Disusun Oleh :
ISBAKHUL LAIL 1525010127
AGROTEKNOLOGI
FAKULTAS PERTANIAN
UNIVERSITAS PEMBANGUNAN NASIONAL “VETERAN”
JAWA TIMUR
2017
KONSEP SEGI EMPAT PENYAKIT TANAMAN DAN CONTOHNYA PADA
TANAMAN PADI
I. PENDAHULUAN
Dalam mengganggu tanaman, pengganggu dapat bekerja sendiri-sendiri atau dapat bekerja
sama antara dua atau lebih pengganggu (vektor, sinergisme, mengangkut, membuat jalan
masuk). Gangguan hama lebih banyak bersifat mekanik yang prosesnya tidak
berkesinambungan, gangguang penyakit lebih bersifat gangguang fisiologis tanaman yang
sifatnya berkesinambungan dan gangguan gulma lebih bersifat persaingan baik unsur hara
maupun cahaya (http://fp.uns.ac.id/~hamasains).
Konsep timbulnya gangguan pada tumbuhan sangat bervariasi, tergantung pada vaktor
pendukungnya. Faktor pendukung timbulnya gangguan meliputi lingkungan yang sesuai,
inang yang rentan, dan juga dikarenakan oleh pengganggu yang agresif atau virulen
(Triharsono, 2010:50).
Dalam tugas mandiri kali ini, akan dijelaskan mengenai peranan manusia
dalam menyebabkan penyakit pada tanaman.

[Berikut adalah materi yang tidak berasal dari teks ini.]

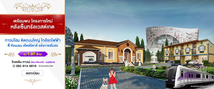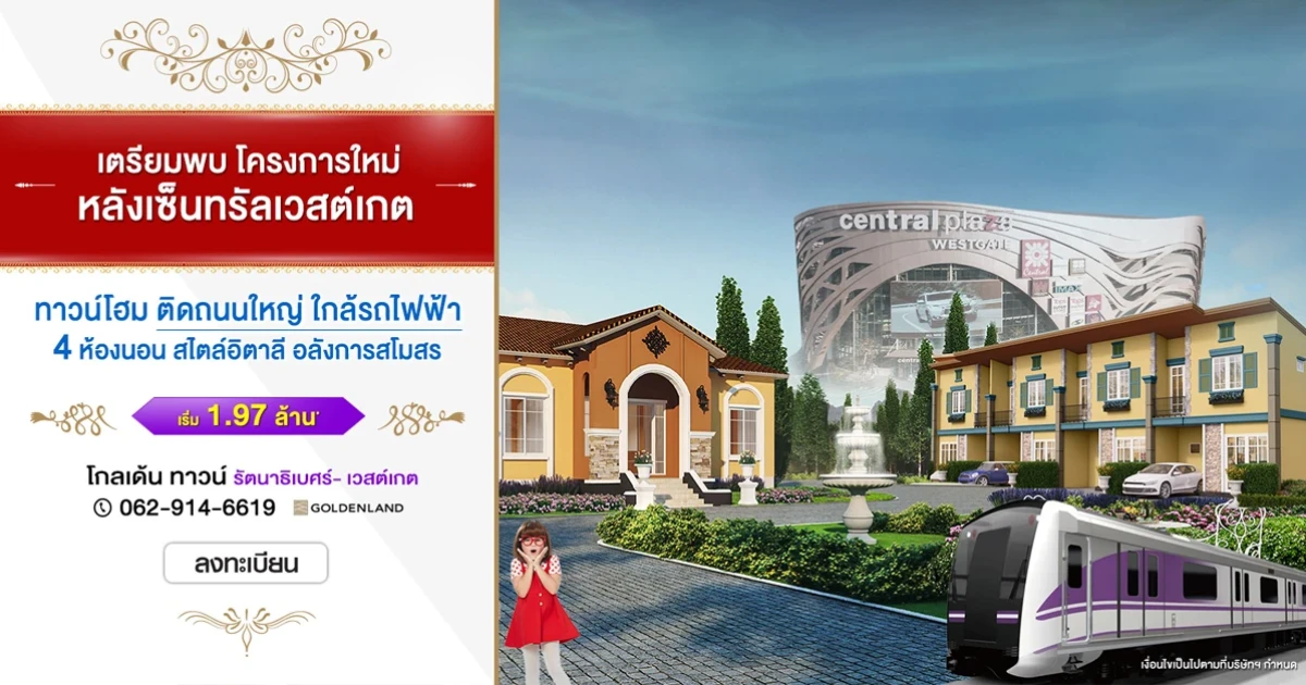 โกลเด้น ทาวน์ รัตนาธิเบศร์-เวสต์เกต (Golden Town Rattanathibet-Westgate) เตรียมพบ โครงการใหม่ ทำเลสุดฮอต หลังเซ็นทรัลเวสต์เกต!! ทาวน์โฮม สไตล์อิตาลี ติดถนนใหญ่ ใกล้รถไฟฟ้า คุ้มสุดๆ กับฟังก์ชัน 4 ห้องนอน 2 ที่จอดรถ อลังการสโมสร พิเศษ! ท่านที่สนใจสามารถลงทะเบียนเพื่อรับส่วนลดเพิ่ม 20,000 บาท* ได้ที่เว็บไซต์ของโกลเด้นแลนด์ค่ะ

Peranan manusia dalam perannya
menyebabkan gangguan terjadi dalam bentuk rekayasa lingkungan, rekayasa tumbuhan, dan
rekayasa penyebab gangguan.
Penyakit tanaman dapat terjadi jika sedikitnya terdapat kontak dan interaksi antara dua
komponen. Komponen tersebut berupa tanaman dan patogen. Jika pada saat terjadinya kontak
tersebut lingkungan mendukung, maka akan terjadi penyakit. Dengan demikian
dapat disimpulkan bahwa suatu penyakit akan terjadi jika pada suatu waktu di satu tempat
terdapat tanaman yang rentan, sementara patogen yang virulen dan lingkungan baik fisik
kimia maupun biologi yang sesuai dengan untuk terjadinya penyakit. Apabila satu faktor saja
tidak tersedia, maka penyakit tidak akan terjadi. Interaksi antara tanaman, patogen yang
virulen dan lingkungan ini sering disebut sebagai konsep segitiga penyakit (Utami dan
Anggraini, 2008:228).
Pada konsep segi tiga penyakit tersebut, apabila salah satu faktor penyebab tidak ada, maka
tidak akan terjadi suatu penyakit pada tanaman. Namun, apabila dalam kondisi pertumbuhan
tanaman terdapat pathogen disekitar tanaman tersebut serta lingkungan mendukung
pertumbuhan pathogen, maka kecenderungan untuk terjadinya infeksi penyakit pada tanaman
cukup besar (Adinugroho, 2008:14).
Konsep timbulnya suatu penyakit semakin berkembang seiring dengan berkembangnya ilmu
penyakit tumbuhan, pada awalnya para pakar yang dipelopori oleh DeBary (dalam
Adinugroho, 2008:4) menujuk pathogen sebagai penyebab penyakit yang utama.Dalam
perkembangannya, diketahui bahwa dalam berbagai buku teks mengenai penyakit tumbuhan
umunya dianut konsep segitiga penyakit (disease triangle) seperti antara lain dikemukan oleh
Blanchard dan Tattar (dalam Adinugroho, 2008:4). Ketiga komponen penyakit tersebut
adalah inang, pathogen dan lingkungan.
Kemudian berkembang sebuah konsep yang didasari pemikiran bahwa manusia ikut berperan
dalam timbulnya suatu penyakit tumbuhan (Triharsono, 2010:51).Hal tersebut dikarenakan
manusia dapat memberikan pengaruh terhadap pathogen dan tanaman inang itu sendiri serta
kondisi lingkungan sebagai faktor-faktor yang dapat menimbulkan penyakit tanaman.Konsep
ini dikenal dengan segi empat penyakit (dalam Adinugroho, 2008:4).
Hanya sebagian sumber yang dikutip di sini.